To combat dryer fires and carbon monoxide poisoning, the CSIA recommends that homeowners have clothes dryer exhaust ducts professionally inspected annually — and maintained as necessary.

Dryer Locations: CSIA points out that clothes dryers have historically either been located in basements or on the main floor of a house and generally within a short distance from an outside wall. Because of these logistics, the danger of lint plugging the exhaust duct has been minimal.

But in today's complex and technologically sophisticated homes, many clothes dryers could be located in the inner core of the house in bedrooms, bathrooms, kitchens and even in hall closets. These new locations mean dryers need to be vented longer distances and sometimes even with sharp turns and bends to accommodate the structure of the home. These complicated systems make exhaust ducts harder to reach and also create more places where lint can collect and pile up. Because lint is incredibly flammable it poses a fire risk.

Natural Gas : The availability of natural gas clothes dryers is another reason why dryer exhaust duct maintenance is necessary. If a gas clothes dryer is not properly vented, it can cause carbon monoxide to be forced back into the home and that can be deadly.

Obstructions: In addition to lint obstructions or improper venting, bird's nests or rodents and bug infestations can also plug up a vent causing potential fire hazards and carbon monoxide poisonings. In winter months snowdrifts and ice build-up can be another obstruction that often goes unnoticed. Symptoms of a clogged clothes dryer exhaust duct include incomplete drying of clothes at normal temperatures and very hot dryer temperatures.

Recommendations: Regular inspection of this often overlooked area of the home is important. When we inspect a clothes dryer exhaust duct, we check to make sure there are no obstructions and that the installation is correct. We also verify that the correct type of vent is in use. For example, homes with plastic exhaust ducts can be upgraded to metal exhaust ducts.

For more information, see The Chimney Safety Institute of America.

I have water stains on some of my ceilings. Could that be related to my chimney?

Yes. It could mean a problem with your chimney flashing, pointing, crown, liner, etc. has developed. Call for an inspection to diagnose the problem.

Why do I need a chimney cap?

A chimney cap is a preventative maintenance measure to protect against water entry, backdrafts, and pest entry into the chimney. An uncapped chimney:

Says "come on in, make yourself at home!" to nesting birds and animals. Pests can, not only cause physical harm to humans (especially when surprised by you!), but they can also cause significant damage to your home. Their nests can block the flue, which can contribute to dangerous back-puffing, carbon monoxide poisoning, and chimney fires. No one wants their family exposed to that. Along with these dangers, animals nested in chimneys are noisy and can carry diseases so be sure to keep animals and birds outside where they belong!

Allows rain and snow to enter your chimney, which leads to moisture damage and expensive repairs.

Of any of the elements, water causes the greatest damage to your chimney. It soaks into porous bricks, eats away at the mortar, accelerates the deterioration of your chimney liner, and damages the mortar crown on the top of your chimney. A chimney cap does a great job of protecting your chimney from water damage. For maximum chimney protection we recommend a multi-flue cap. That's because a multi-flue cap covers the entire chimney, not just one flue.

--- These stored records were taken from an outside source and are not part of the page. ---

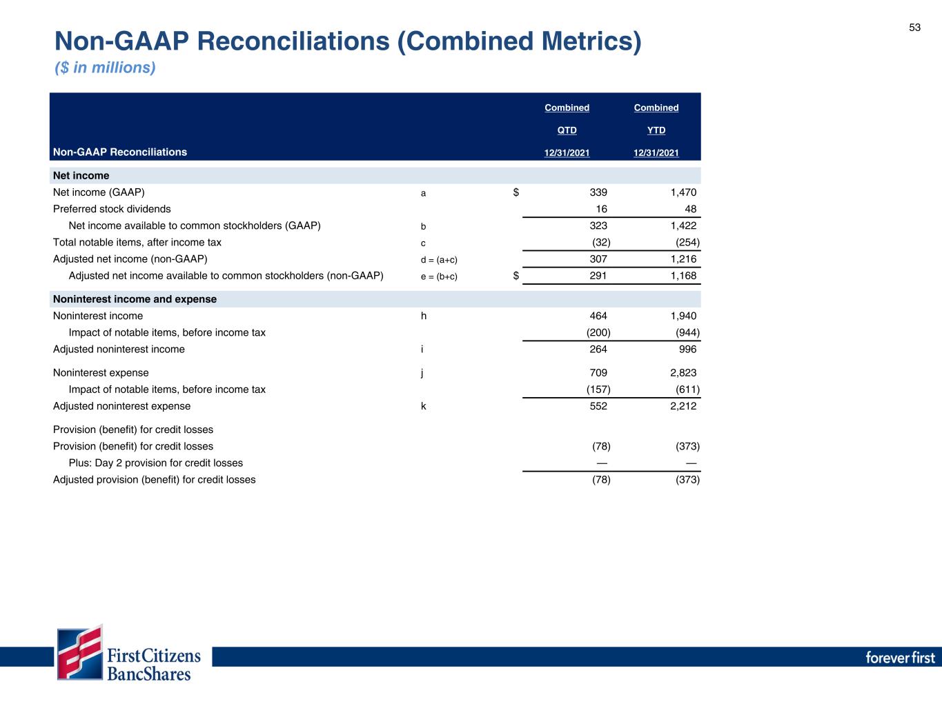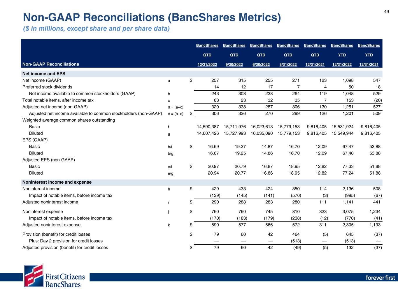 49 BancShares BancShares BancShares BancShares BancShares BancShares BancShares QTD QTD QTD QTD QTD YTD YTD Non-GAAP Reconciliations 12/31/2022 9/30/2022 6/30/2022 3/31/2022 12/31/2021 12/31/2022 12/31/2021 Net income and EPS Net income (GAAP) a $ 257 315 255 271 123 1,098 547 Preferred stock dividends 14 12 17 7 4 50 18 Net income available to common stockholders (GAAP) b 243 303 238 264 119 1,048 529 Total notable items, after income tax c 63 23 32 35 7 153 (20) Adjusted net income (non-GAAP) d = (a+c) 320 338 287 306 130 1,251 527 Adjusted net income available to common stockholders (non-GAAP) e = (b+c) $ 306 326 270 299 126 1,201 509 Weighted average common shares outstanding Basic f 14,590,387 15,711,976 16,023,613 15,779,153 9,816,405 15,531,924 9,816,405 Diluted g 14,607,426 15,727,993 16,035,090 15,779,153 9,816,405 15,549,944 9,816,405 EPS (GAAP) Basic b/f $ 16.69 19.27 14.87 16.70 12.09 67.47 53.88 Diluted b/g 16.67 19.25 14.86 16.70 12.09 67.40 53.88 Adjusted EPS (non-GAAP) Basic e/f $ 20.97 20.79 16.87 18.95 12.82 77.33 51.88 Diluted e/g 20.94 20.77 16.86 18.95 12.82 77.24 51.88 Noninterest income and expense Noninterest income h $ 429 433 424 850 114 2,136 508 Impact of notable items, before income tax (139) (145) (141) (570) (3) (995) (67) Adjusted noninterest income i $ 290 288 283 280 111 1,141 441 Noninterest expense j $ 760 760 745 810 323 3,075 1,234 Impact of notable items, before income tax (170) (183) (179) (238) (12) (770) (41) Adjusted noninterest expense k $ 590 577 566 572 311 2,305 1,193 Provision (benefit) for credit losses $ 79 60 42 464 (5) 645 (37) Plus: Day 2 provision for credit losses — — — (513) — (513) — Adjusted provision (benefit) for credit losses $ 79 60 42 (49) (5) 132 (37) Non-GAAP Reconciliations (BancShares Metrics) ($ in millions, except share and per share data)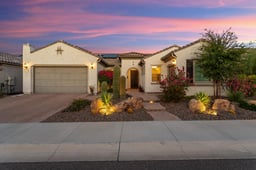 Stunning Endeavor model on the 6th hole of Sun City Festival's Mountain course. This east-facing backyard captures both golf and mountain views and includes a putting green, water feature and BBQ area. Enjoy the views and the vibrant Sun City Festival 55+ lifestyle! This 2-bed, 2.5-bath, plus den floorplan includes a 32-panel owned solar system. The home is filled with numerous upgrades and special features. The kitchen includes staggered coconut-colored cabinetry with under cabinet lighting, full overlay doors, soft-close drawers with roll-out trays, granite countertops, SS KitchenAid appliances with gas cooktop, tile backsplash and dual basin Blanco sink with reverse osmosis. An elegant wet bar with cabinets, counter seating and wine fridge adds to the home's entertainment value With wood-look tile flooring throughout the home, you'll also enjoy an extension at the back of the home, AV Built-In, den with French Doors, surround sound system, can lighting, custom fans and pendant lighting and pre-wired security system. The owner's suite is spacious and includes a soaking tub and separate frameless glass tiled shower and dual vanities with granite counters. The guest bedroom features a separate bath with shower. The laundry includes the washer & dryer and overhead cabinets. There's also a soft water system and golf cart garage.
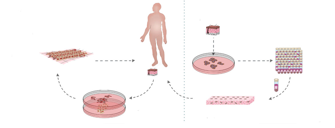 The earliest attempts at cell therapy can be attributed to Charles-Edward Brown-Séquard (1817–1894), who sought to treat senescence and aging by injecting animal gonad shreds into his contemporaries, a practice that was widespread in late 19th century. Since then, advances in science have enabled the development of biological substitutes to restore the function of various tissues. Skin was one of the first tissues to be regenerated. For severe burns, patient survival depends on the restoration of skin function as a barrier against pathogens and control of body temperature and fluid loss. We aim here to overview the different cell therapy techniques implemented at the University Hospital of Lausanne (CHUV), one of the two Swiss national centres of highly specialised medicine for burn care. In particular, we will describe the specific indications for each of the different therapies as well as future perspectives.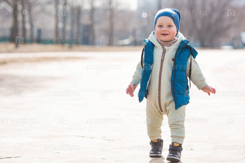 Красивый, веселый мальчик двух лет гуляет весной по улице. По парку гуляет ребенок в комбинезоне и синем жилете. Понятие родительства, детства и семьи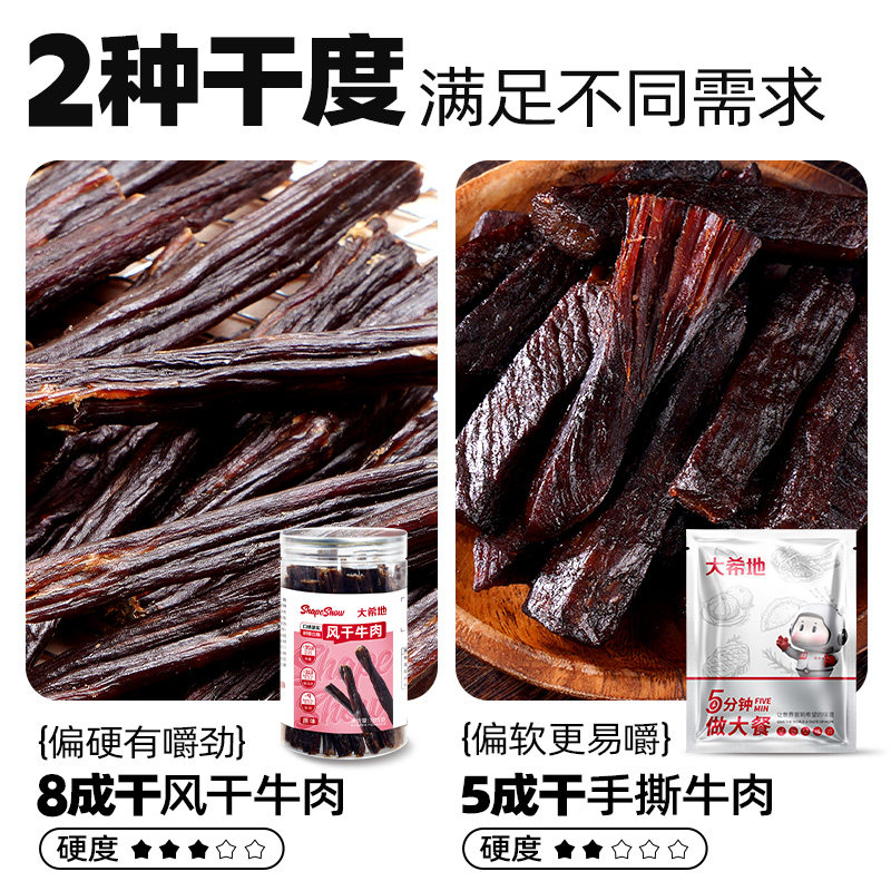 大希地手撕风干牛肉干内蒙古办公室解馋健身零食即食牛肉条特产

Creates a fire hazard as burning embers and sparks escape through the open chimney and land on your roof or in your yard.

The outside of my chimney looks fine, so everything is OK, right?

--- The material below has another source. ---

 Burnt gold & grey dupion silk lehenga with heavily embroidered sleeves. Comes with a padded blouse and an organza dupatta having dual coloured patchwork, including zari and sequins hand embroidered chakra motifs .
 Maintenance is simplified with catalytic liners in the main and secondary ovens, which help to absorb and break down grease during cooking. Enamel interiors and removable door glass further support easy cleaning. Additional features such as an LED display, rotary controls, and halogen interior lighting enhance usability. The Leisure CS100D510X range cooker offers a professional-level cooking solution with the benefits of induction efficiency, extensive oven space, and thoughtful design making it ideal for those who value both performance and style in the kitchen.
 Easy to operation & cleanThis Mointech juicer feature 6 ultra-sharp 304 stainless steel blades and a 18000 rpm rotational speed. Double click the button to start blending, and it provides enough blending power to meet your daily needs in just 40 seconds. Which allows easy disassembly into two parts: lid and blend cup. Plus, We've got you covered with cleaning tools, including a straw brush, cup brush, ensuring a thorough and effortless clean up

You can tell a lot about a book by its cover. However, until you actually look inside you will not know everything about the story contained on the pages inside. In much the same way, the outside of a chimney can tell you a lot about the status of your flues, but it may not tell you the whole story. A trained look within can reveal things that can often go unnoticed by homeowners and untrained technicians. Have you had your chimney inspected by a CSIA Certified Technician lately?